**Directions for this task**
Repetition must be exact and must stop with the line bearing "이런 이야기들을 하셨어요.". It begins at the first line of the records and includes no pictures.

**Data**
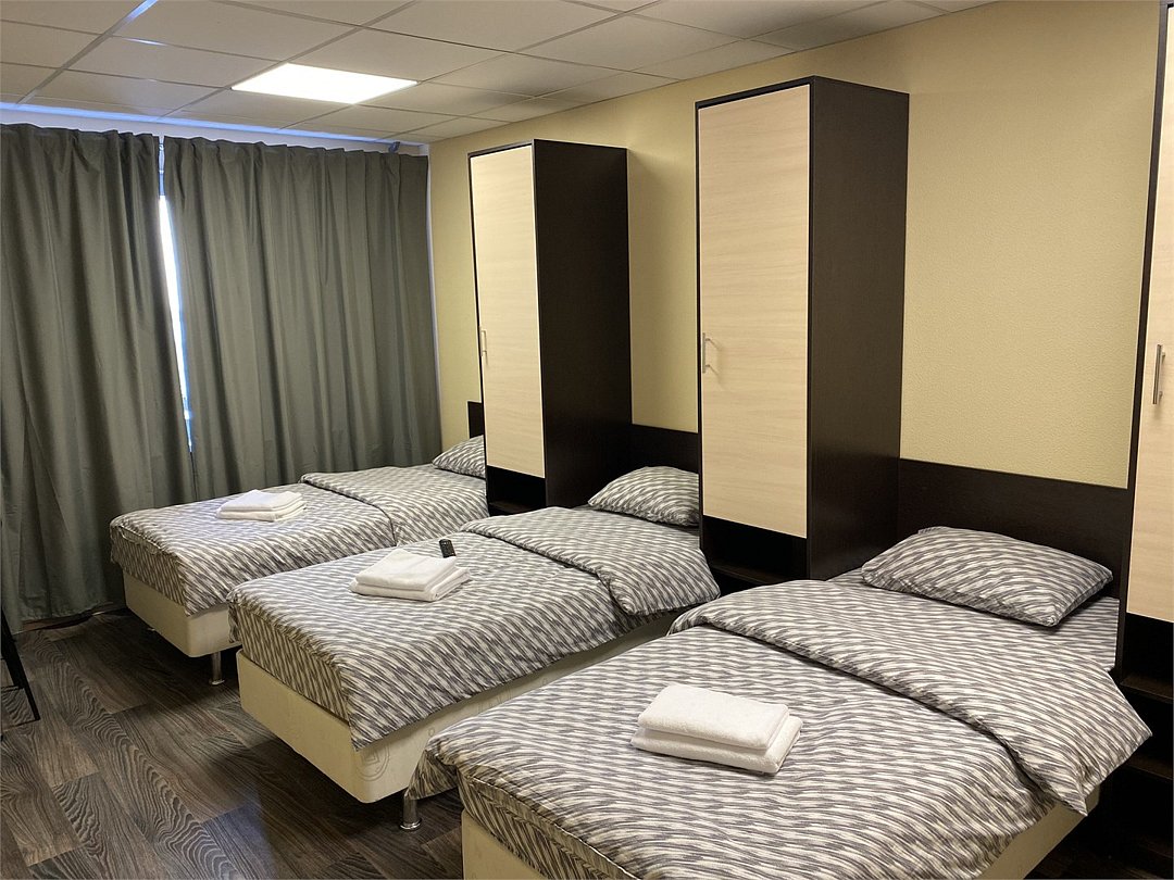 кабельное телевидение, Wi-Fi, стулья, шкаф для одежды, письменный стол, вид на город, кулер на этаже, три односпальные кровати, санузел на этаже, телевизор с плоским экраном, душ на этаже, номер для некурящихВ номере
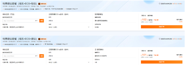 1、域名+云服务器+短信套餐包,1年费用仅需102元。
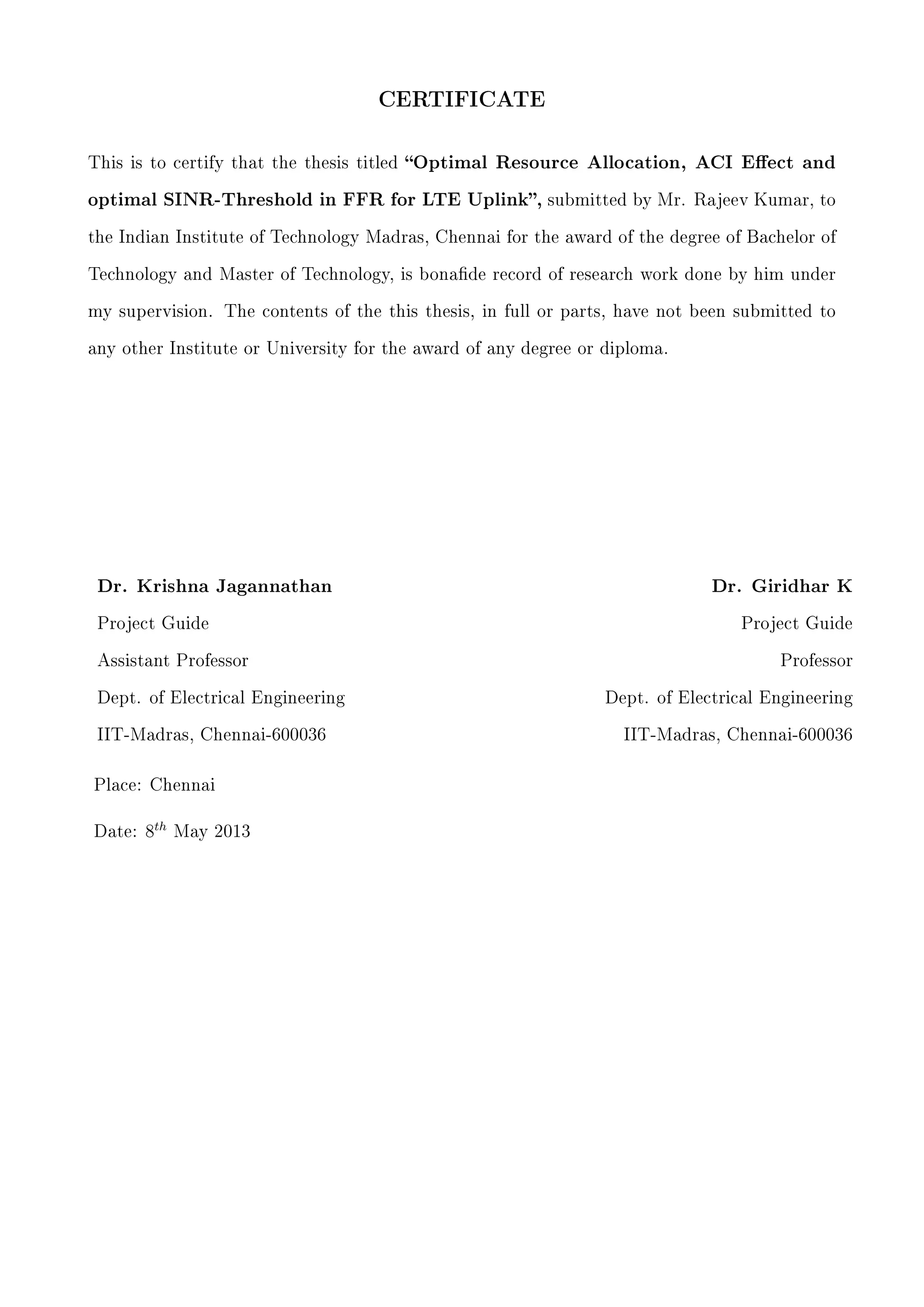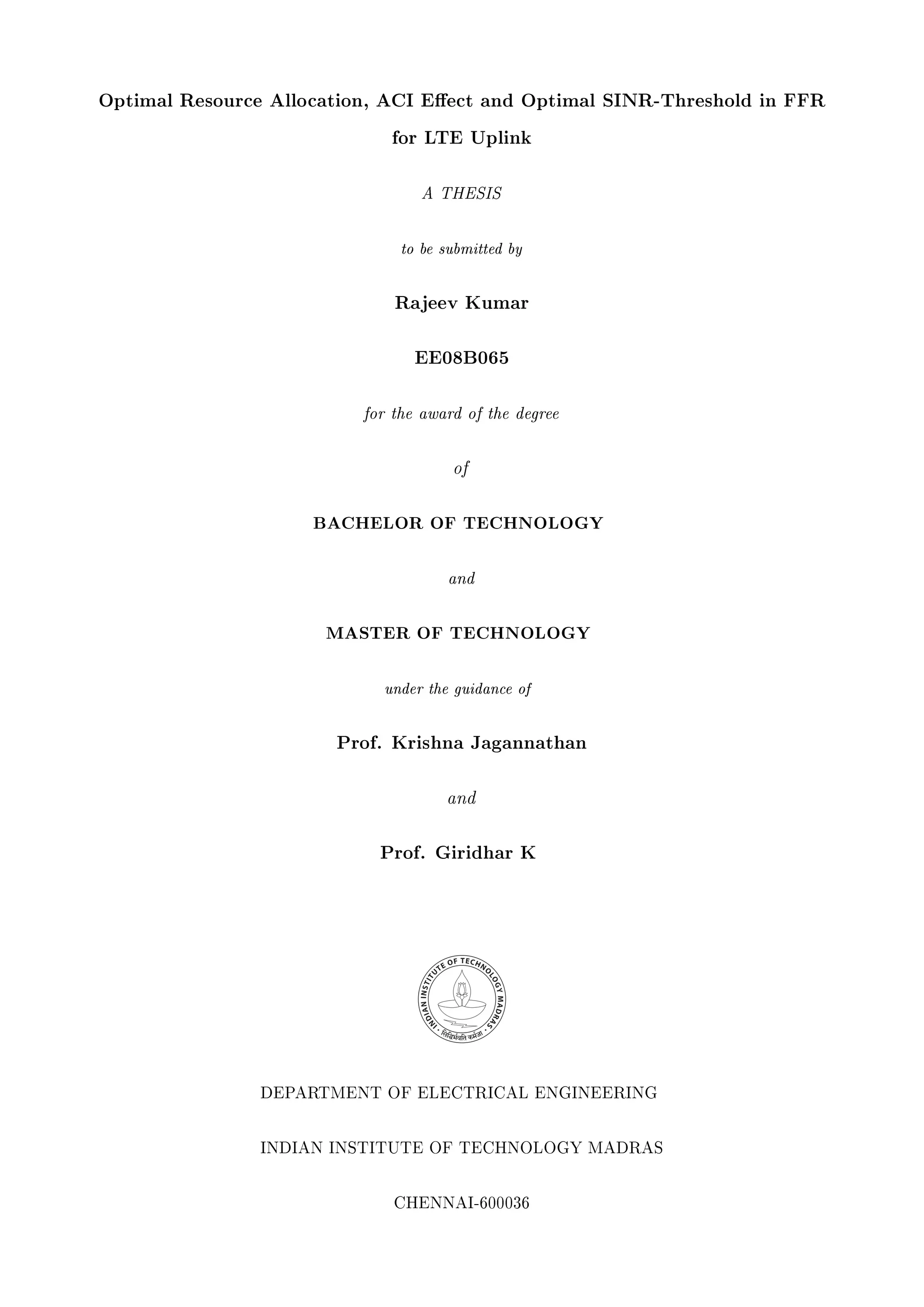 This document is a thesis submitted by Rajeev Kumar to the Indian Institute of Technology Madras for the award of Bachelor of Technology and Master of Technology degrees. The thesis investigates optimal resource allocation, adjacent channel interference effect, and optimal SINR-threshold in fractional frequency reuse for LTE uplink. It presents optimal and suboptimal resource allocation algorithms for SC-FDMA systems and evaluates their performance with and without considering adjacent channel interference. It also studies fractional frequency reuse and soft frequency reuse techniques for inter-cell interference mitigation and optimizes the fractional frequency reuse scheme. Simulation results are presented to evaluate the different algorithms and interference mitigation techniques.
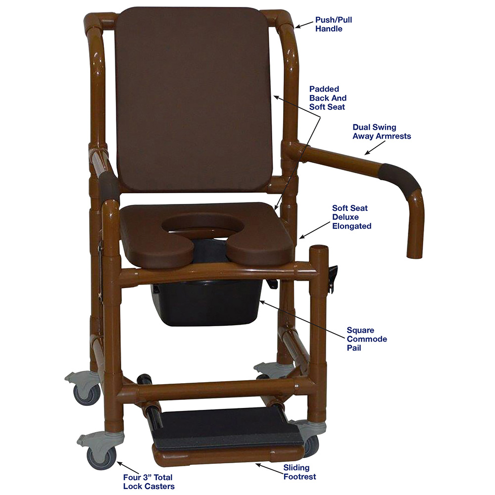 WoodTone Shower Chair With Total Lock Casters, Soft Seat Deluxe Elongated, Cushion Back, Dual Swing Away Armrests, Square Pail, And Sliding Footrest
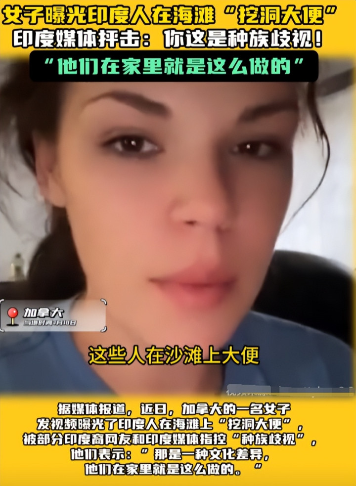 她直接发视频曝光了印度人在加拿大的恶行,在沙滩上直接挖洞排便。
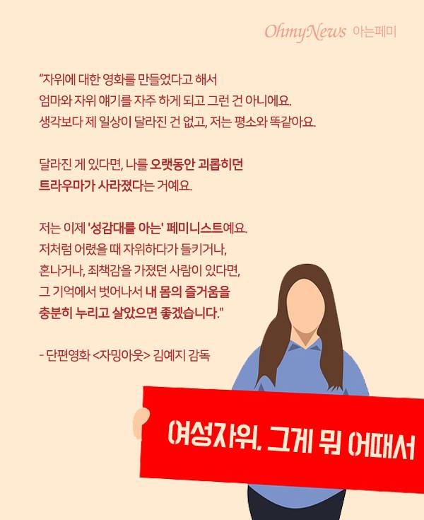 "제가 여성학 수업을 들었는데, 교수님께서 스스로의 몸을 탐구해 본 적이 있냐고 물어보셨어요. '현재의 섹스는 삽입중심적인데 이건 남성의 시선에서 바라본 거지 여성이 즐기는 섹스라고 할 수 없다, 여성 스스로도 섹스를 즐기는 방법을 알 수 있어야 하는데 그러려면 자위를 해보는 게 가장 좋다' 이런 이야기들을 하셨어요.
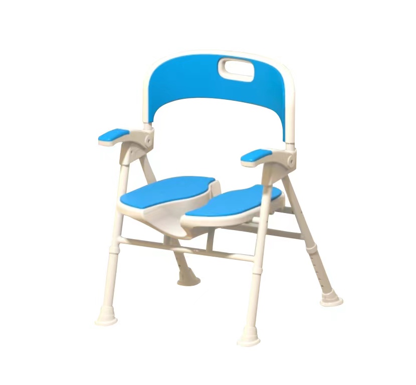 1. 6063T5 reinforced aluminum alloy pipes are adopted, the thickness is 1.2mm, Surface is baking paint. 2. One-piece PE blow molding seat plate, which is thickened and can be pasted with seat cushion. Enlarged and widened one-piece backrest plate is more comfortable for long time sitting. 3. 5 levels of height adjustability, total width:56cm, total length:50cm, total height:74-84cm, seat plate height range:40-50cm, seat depth:39cm, seat width:42cm. 4. One-piece molded nylon handrails can be turned over, which can support user for standing and seating, convenient for clearing. 5. .It's equipped with oversized horseshoe-shaped non-slip footrests, 304 stainless steel screws. 6. Easy folding, out of the box installation-free, barrier-free design. It can stand independently after folded, and save space;
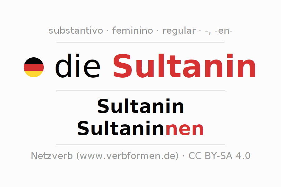 A declinação do substantivo Sultanin (sultana) está no genitivo singular Sultanin e no nominativo plural Sultaninnen . O substantivo fraco Sultanin é declinado com a terminação -/nen. O gênero gramatical de Sultanin é feminino e o artigo definido é "die". Não se pode somente declinar o substantivo Sultanin mas sim todos os substantivos em alemão. Comentários ☆
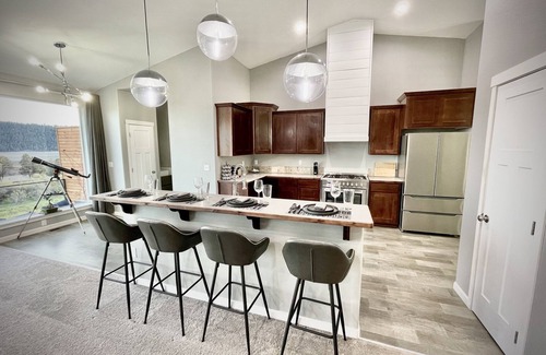 Step out onto the newly built patio to take in the view even further and experience three outdoor sectionals accented by garden beds planted with Japanese Maple trees. The modern wire railing adds protection all while minimizing obstruction of the view. Turn on the contemporary space heater at night and enjoy being warmed while watching the stars like you have never before. Our home is located in a "dark sky zone" meaning that there are restrictions on artificial lighting which provides unobstructed views of the stars. You will be in awe of what you can see with the naked eye; however, if you want more, feel free to use the provided telescope to dive deeper!
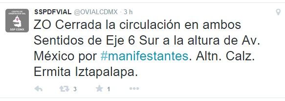 La dependencia capitalina indicó que esta mañana habrá una protesta en Avenida México y Eje 6 Sur Av. Las Torres, colonia Santa María Aztahuacán, delegación Iztapalapa.
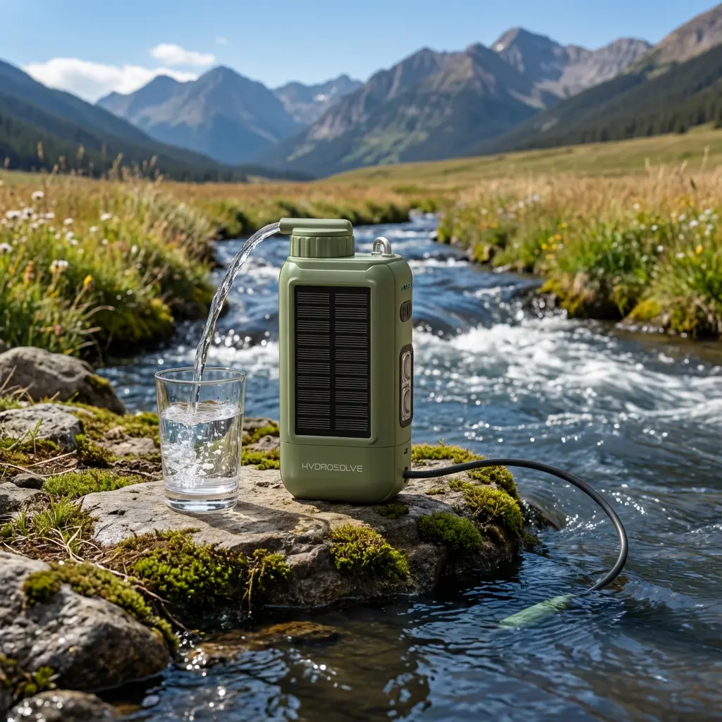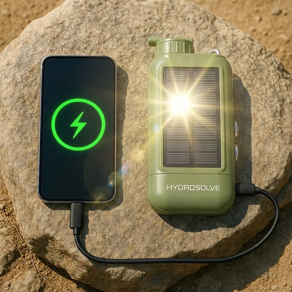 HYDROSOLVE SolarPro Outdoor Wasserfilter – Elektrisch, Tragbar & Wiederaufladbar – 0,01 Mikron – Solar/USB/Kurbel – Powerbank – für Camping, Wandern, Notfall & Survival
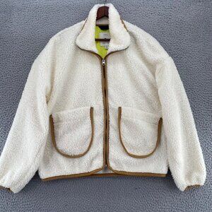 Free Assembly Coat Womens Small Ivory Beige Trim Fleece Zip Pockets Mock Neck
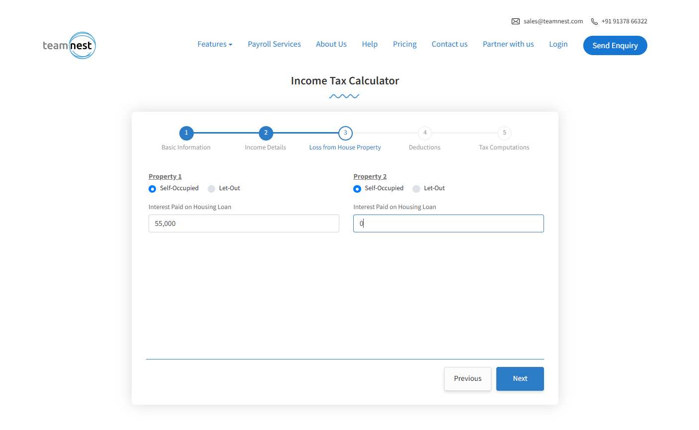 3. On the third step, details towards Housing Loan Interest and/or Loss from House Property can be added.
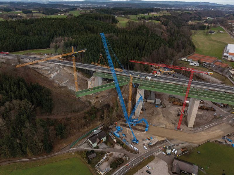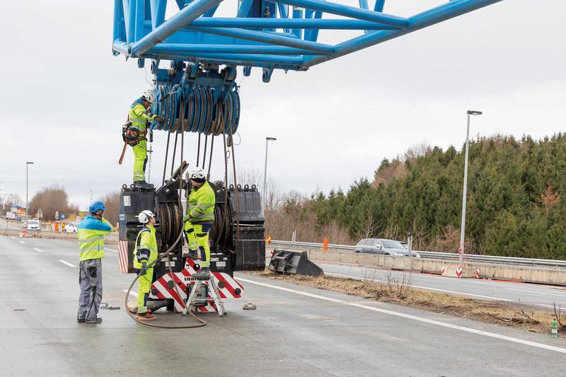 There were already scores of onlookers pulling out their smartphones during its installation on the motorway heading towards Vienna at the beginning of February. The press then got wind of it too: “Major construction work is underway on the West Autobahn near Regau” or “Steel behemoth pushes bridge construction site” were headlines in regional and national media shortly thereafter. He hadn't expected so much fanfare, says Michael Lehner, project manager for transport and lifting technology. However, he could understand the excitement surrounding "Big Blue": “We typically use the LR 11000 in wind farms or in industry. You don't normally get that close to a crane that big”.
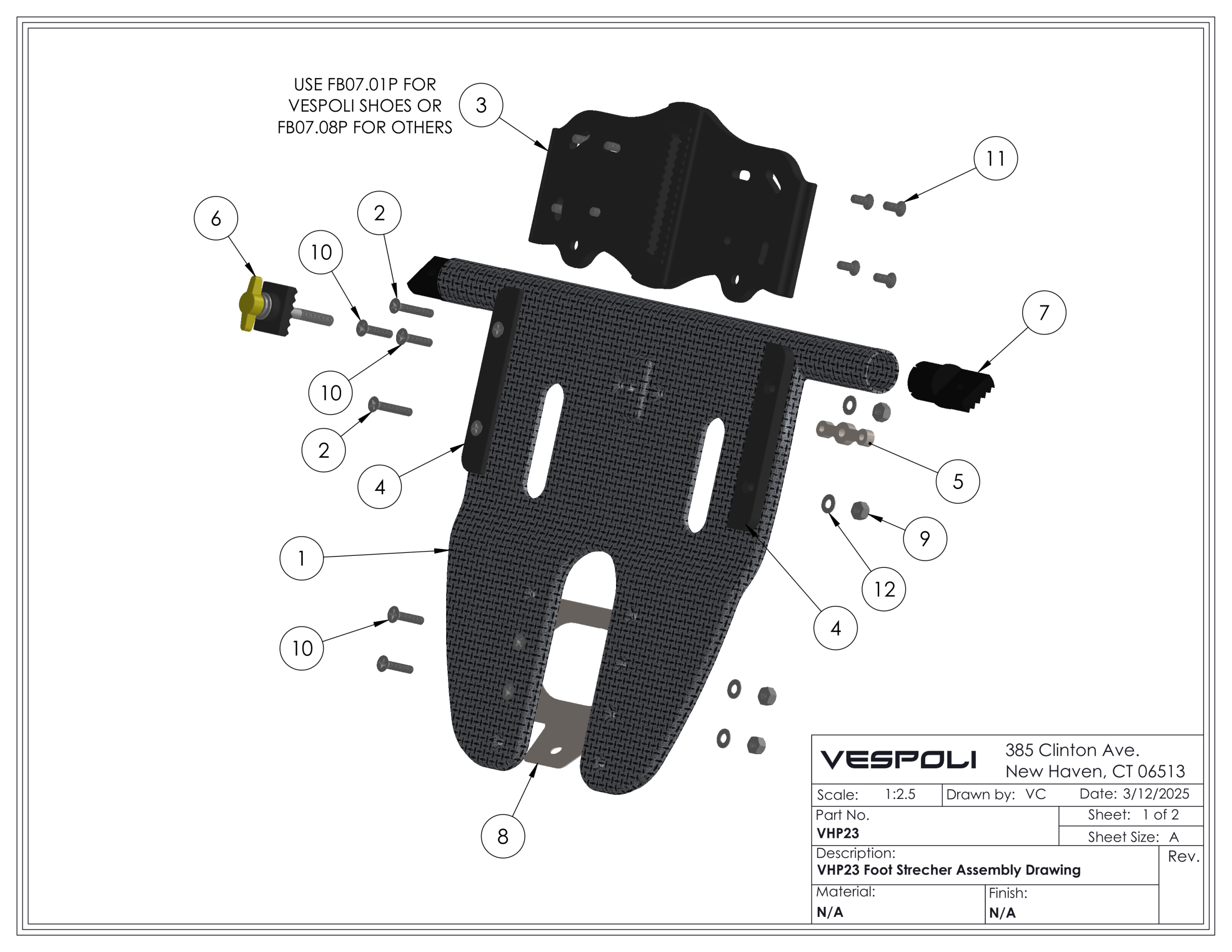This diagram shows how to assemble the VHP 23 footboard used in all VHP boats starting in 2023.
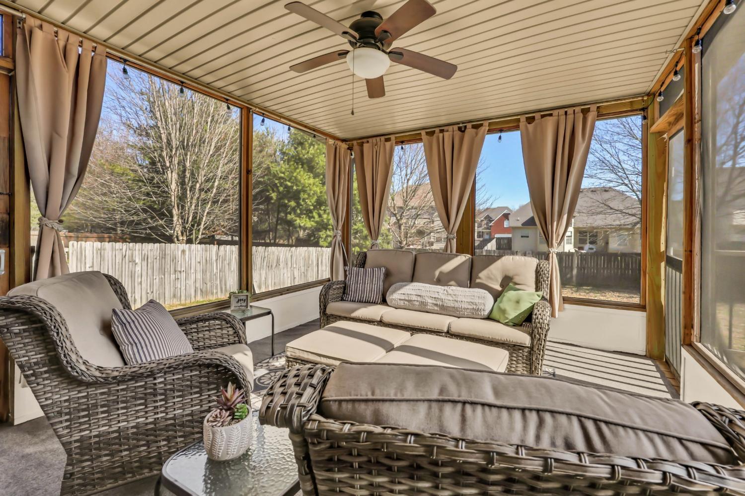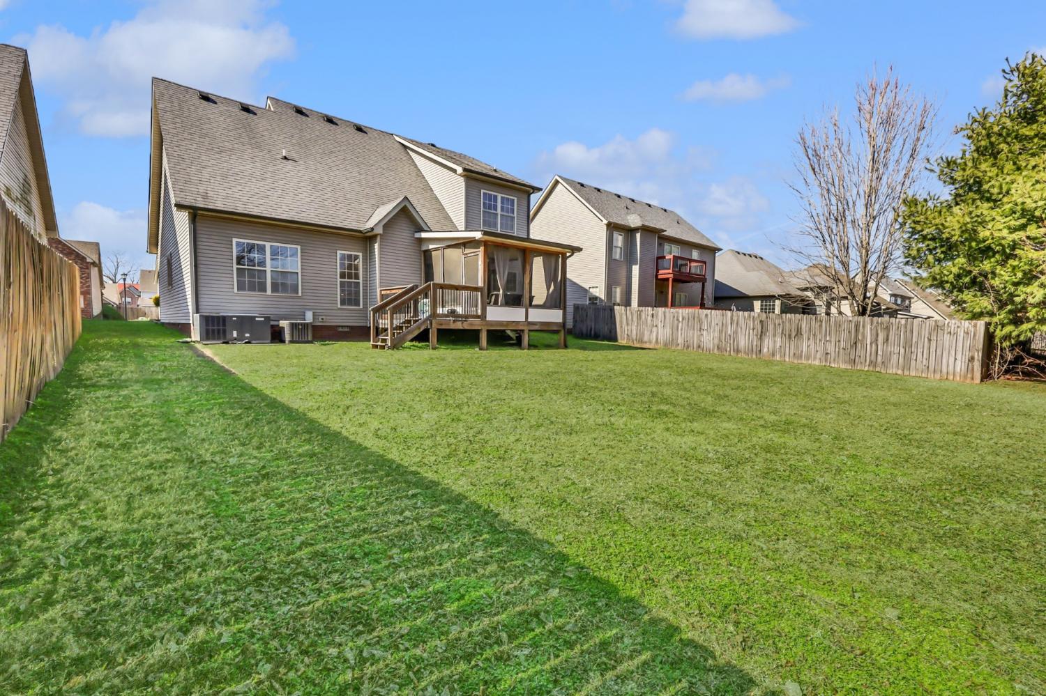 1196 Chinook Cir delivers the space, layout, and location buyers are actively looking for. Set in a highly convenient Clarksville location just minutes from Fort Campbell, shopping, dining, schools, and quick interstate access, all within a neighborhood featuring sidewalks, underground utilities, and streetlights. This nearly 2,100 sq ft home stands out with a layout that works, including a main-level primary suite and spacious living areas that feel open without losing definition. Step inside to a dramatic two-story living room filled with natural light and anchored by a fireplace, creating a true focal point the moment you walk in. The main level offers hardwood flooring, a dedicated dining or flex space, and a layout that flows easily for both everyday living and entertaining. The kitchen delivers on both function and style with stainless steel appliances, a tile backsplash, ample cabinetry, and a bright eat-in area surrounded by windows. The primary suite on the main floor offers a comfortable retreat with a trey ceiling, double vanities, soaking tub, and separate shower. Out back, the covered and screened-in porch is a standout feature, giving you usable outdoor space year-round. Upstairs, you’ll find additional bedrooms and flexible space that can adapt to a variety of needs. With strong curb appeal and a timeless brick and stone exterior, this home checks the boxes for space, function, and everyday convenience in today’s Clarksville market. - UPSTAIRS HVAC 2024, DOWNSTAIRS 2018

**The completed task**
 кабельное телевидение, Wi-Fi, стулья, шкаф для одежды, письменный стол, вид на город, кулер на этаже, три односпальные кровати, санузел на этаже, телевизор с плоским экраном, душ на этаже, номер для некурящихВ номере
 1、域名+云服务器+短信套餐包,1年费用仅需102元。
 This document is a thesis submitted by Rajeev Kumar to the Indian Institute of Technology Madras for the award of Bachelor of Technology and Master of Technology degrees. The thesis investigates optimal resource allocation, adjacent channel interference effect, and optimal SINR-threshold in fractional frequency reuse for LTE uplink. It presents optimal and suboptimal resource allocation algorithms for SC-FDMA systems and evaluates their performance with and without considering adjacent channel interference. It also studies fractional frequency reuse and soft frequency reuse techniques for inter-cell interference mitigation and optimizes the fractional frequency reuse scheme. Simulation results are presented to evaluate the different algorithms and interference mitigation techniques.
 WoodTone Shower Chair With Total Lock Casters, Soft Seat Deluxe Elongated, Cushion Back, Dual Swing Away Armrests, Square Pail, And Sliding Footrest
 她直接发视频曝光了印度人在加拿大的恶行,在沙滩上直接挖洞排便。
 "제가 여성학 수업을 들었는데, 교수님께서 스스로의 몸을 탐구해 본 적이 있냐고 물어보셨어요. '현재의 섹스는 삽입중심적인데 이건 남성의 시선에서 바라본 거지 여성이 즐기는 섹스라고 할 수 없다, 여성 스스로도 섹스를 즐기는 방법을 알 수 있어야 하는데 그러려면 자위를 해보는 게 가장 좋다' 이런 이야기들을 하셨어요.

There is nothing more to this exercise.